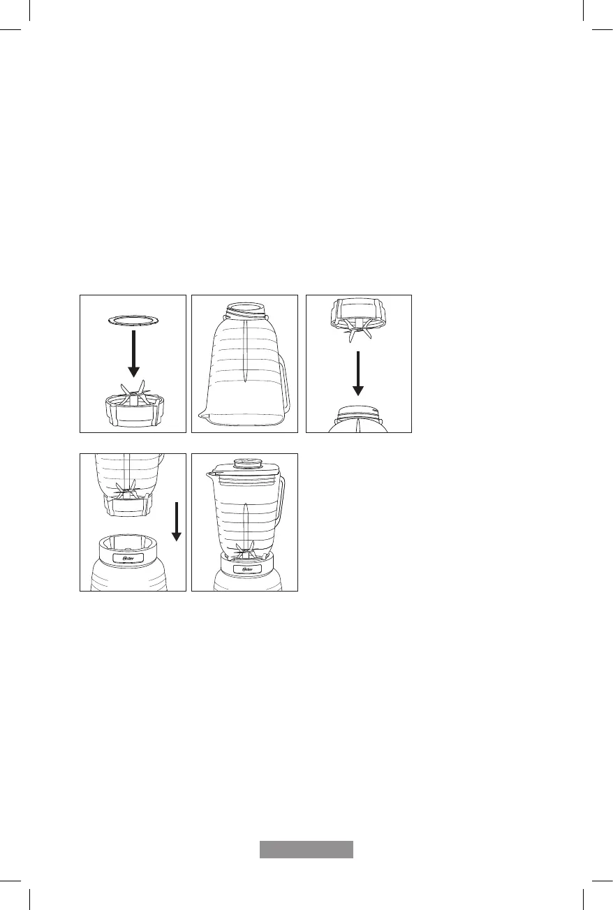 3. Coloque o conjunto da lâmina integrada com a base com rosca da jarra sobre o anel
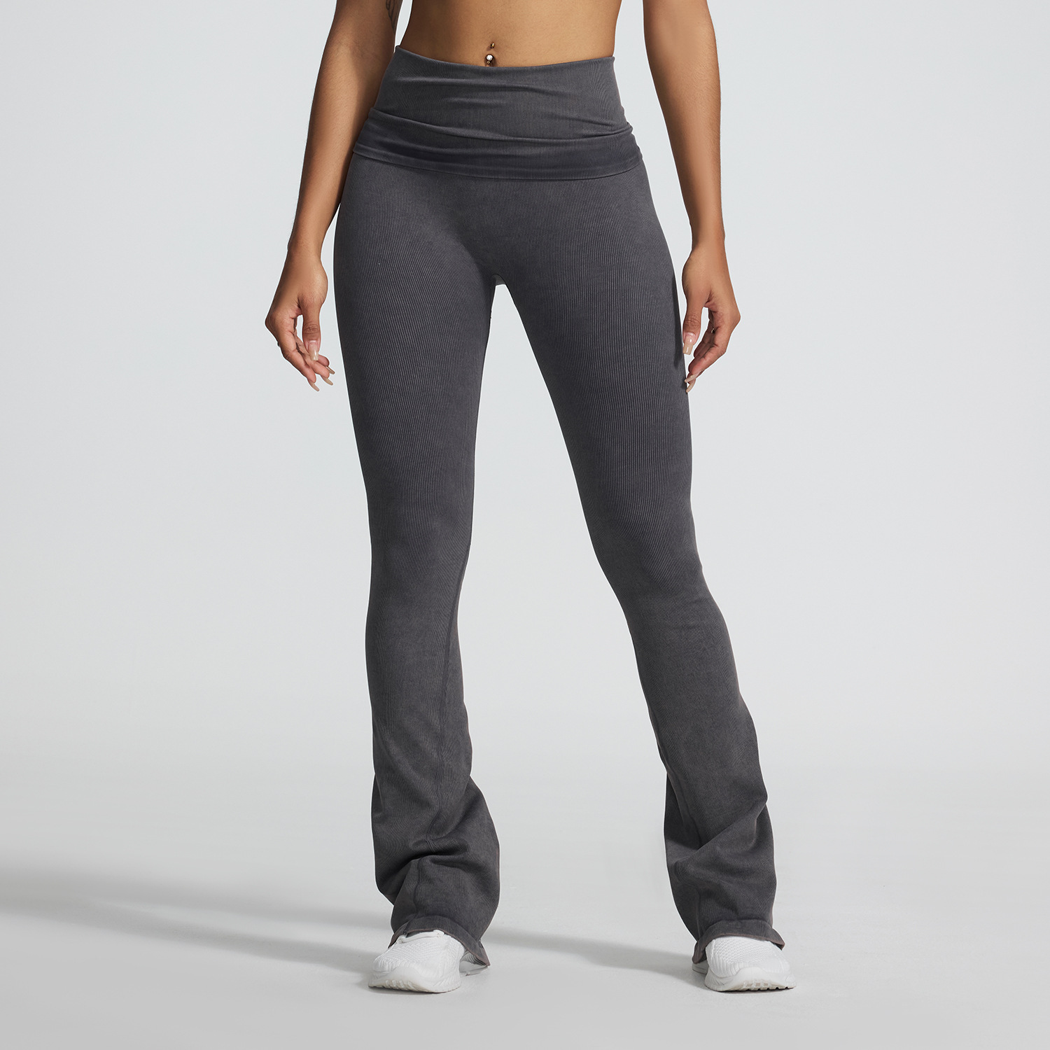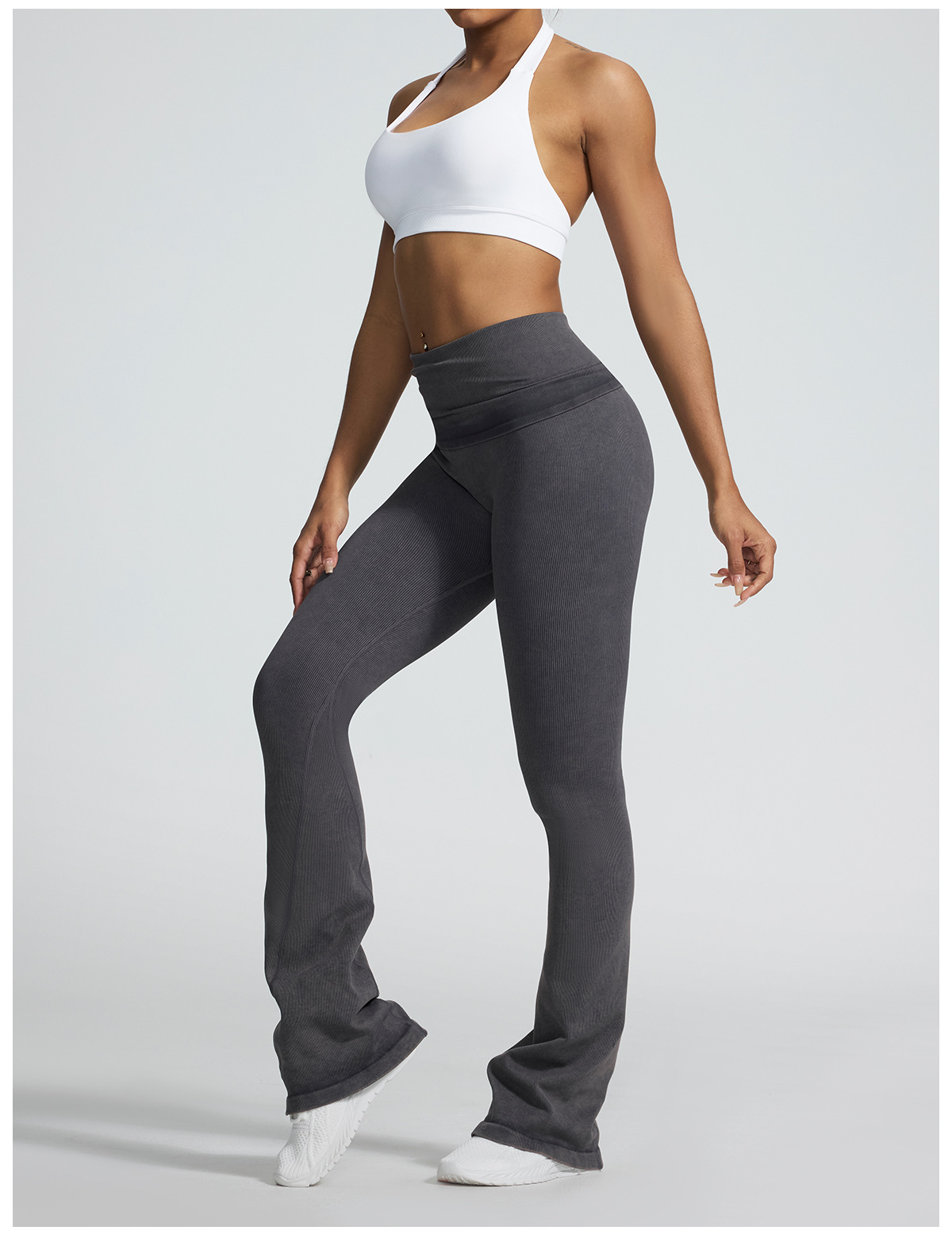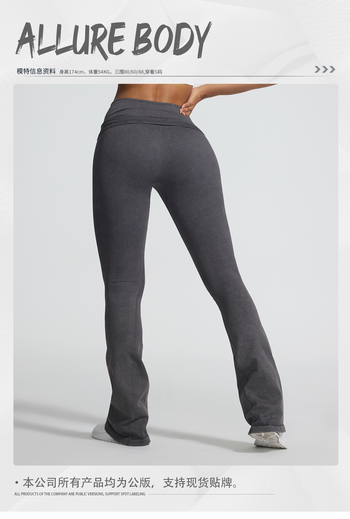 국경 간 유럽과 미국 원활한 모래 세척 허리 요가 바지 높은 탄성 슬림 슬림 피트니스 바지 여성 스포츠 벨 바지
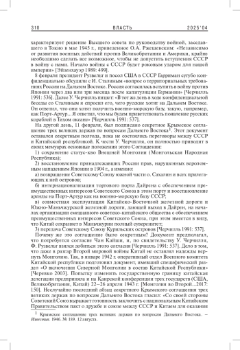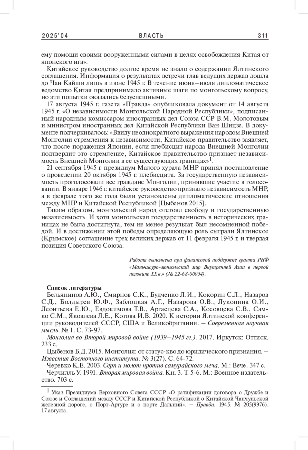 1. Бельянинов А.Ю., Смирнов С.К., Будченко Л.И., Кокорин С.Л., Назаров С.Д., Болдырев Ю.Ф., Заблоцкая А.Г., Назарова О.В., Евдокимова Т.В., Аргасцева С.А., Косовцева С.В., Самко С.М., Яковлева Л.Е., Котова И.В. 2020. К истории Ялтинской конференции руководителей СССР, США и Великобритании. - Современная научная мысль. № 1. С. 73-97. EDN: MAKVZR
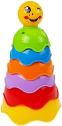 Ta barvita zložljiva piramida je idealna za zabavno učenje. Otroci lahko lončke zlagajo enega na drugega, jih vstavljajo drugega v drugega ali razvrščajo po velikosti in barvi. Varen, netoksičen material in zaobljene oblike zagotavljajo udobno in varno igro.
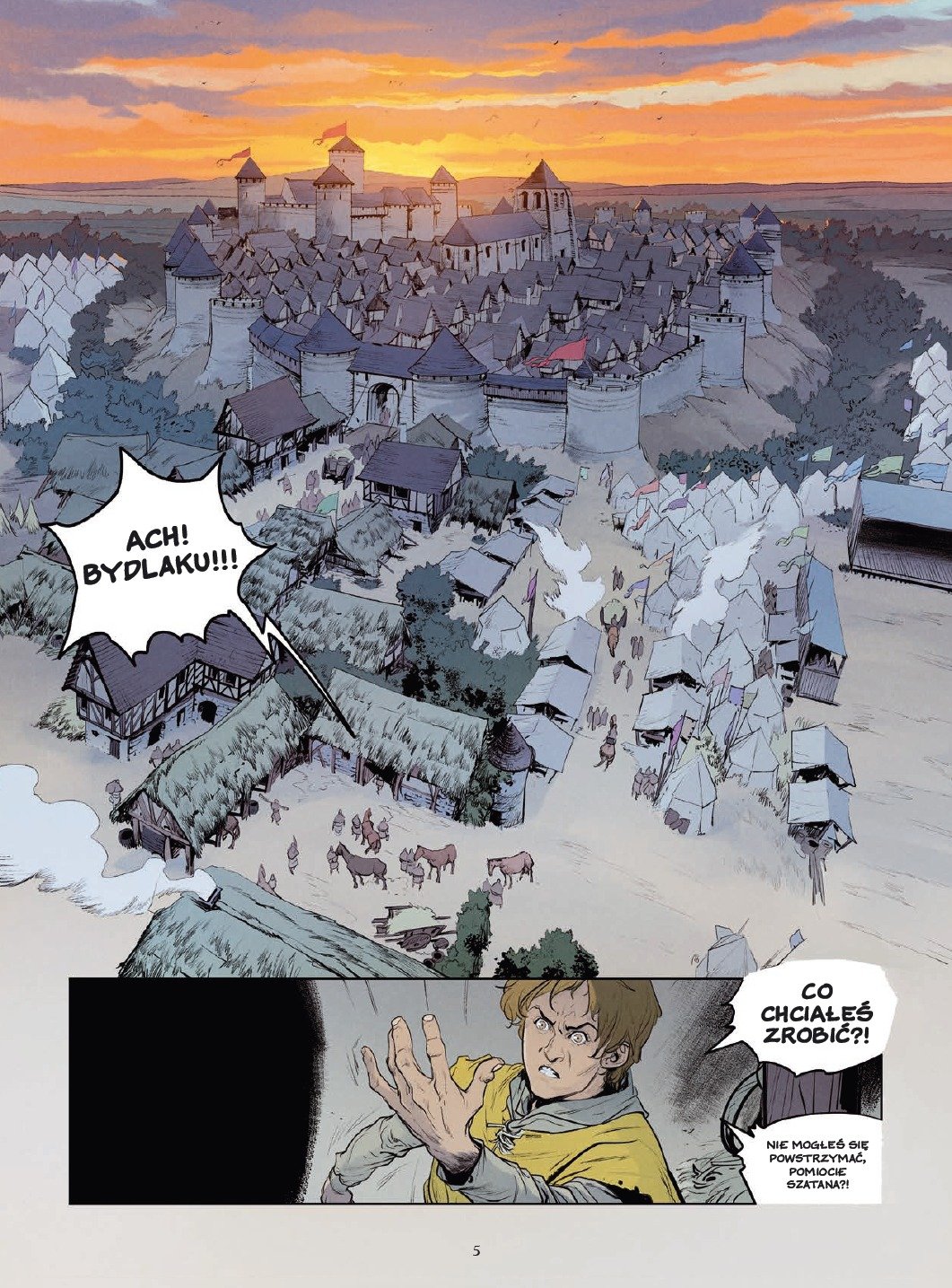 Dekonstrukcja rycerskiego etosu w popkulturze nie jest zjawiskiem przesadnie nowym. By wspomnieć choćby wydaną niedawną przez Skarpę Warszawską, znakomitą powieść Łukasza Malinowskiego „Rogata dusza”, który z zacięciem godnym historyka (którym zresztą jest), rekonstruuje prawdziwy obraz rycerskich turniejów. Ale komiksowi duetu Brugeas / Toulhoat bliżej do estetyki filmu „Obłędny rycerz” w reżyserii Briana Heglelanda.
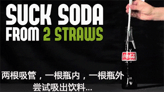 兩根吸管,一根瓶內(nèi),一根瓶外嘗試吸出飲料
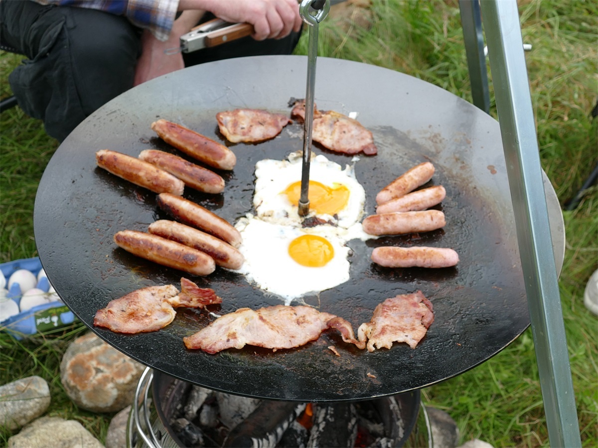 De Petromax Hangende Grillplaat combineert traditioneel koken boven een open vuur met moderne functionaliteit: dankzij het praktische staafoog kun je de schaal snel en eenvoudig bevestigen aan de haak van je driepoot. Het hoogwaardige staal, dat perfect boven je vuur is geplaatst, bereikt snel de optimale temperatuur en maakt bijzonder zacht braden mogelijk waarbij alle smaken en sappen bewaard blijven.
*****
• Task directions: To complete this exercise, repeat exactly the lines above from the one holding "국경 간 유럽과 미국" to the end of the listing, both included, and leave the pictures out.

• Answer for the task:
 국경 간 유럽과 미국 원활한 모래 세척 허리 요가 바지 높은 탄성 슬림 슬림 피트니스 바지 여성 스포츠 벨 바지
 1. Бельянинов А.Ю., Смирнов С.К., Будченко Л.И., Кокорин С.Л., Назаров С.Д., Болдырев Ю.Ф., Заблоцкая А.Г., Назарова О.В., Евдокимова Т.В., Аргасцева С.А., Косовцева С.В., Самко С.М., Яковлева Л.Е., Котова И.В. 2020. К истории Ялтинской конференции руководителей СССР, США и Великобритании. - Современная научная мысль. № 1. С. 73-97. EDN: MAKVZR
 Ta barvita zložljiva piramida je idealna za zabavno učenje. Otroci lahko lončke zlagajo enega na drugega, jih vstavljajo drugega v drugega ali razvrščajo po velikosti in barvi. Varen, netoksičen material in zaobljene oblike zagotavljajo udobno in varno igro.
 Dekonstrukcja rycerskiego etosu w popkulturze nie jest zjawiskiem przesadnie nowym. By wspomnieć choćby wydaną niedawną przez Skarpę Warszawską, znakomitą powieść Łukasza Malinowskiego „Rogata dusza”, który z zacięciem godnym historyka (którym zresztą jest), rekonstruuje prawdziwy obraz rycerskich turniejów. Ale komiksowi duetu Brugeas / Toulhoat bliżej do estetyki filmu „Obłędny rycerz” w reżyserii Briana Heglelanda.
 兩根吸管,一根瓶內(nèi),一根瓶外嘗試吸出飲料
 De Petromax Hangende Grillplaat combineert traditioneel koken boven een open vuur met moderne functionaliteit: dankzij het praktische staafoog kun je de schaal snel en eenvoudig bevestigen aan de haak van je driepoot. Het hoogwaardige staal, dat perfect boven je vuur is geplaatst, bereikt snel de optimale temperatuur en maakt bijzonder zacht braden mogelijk waarbij alle smaken en sappen bewaard blijven.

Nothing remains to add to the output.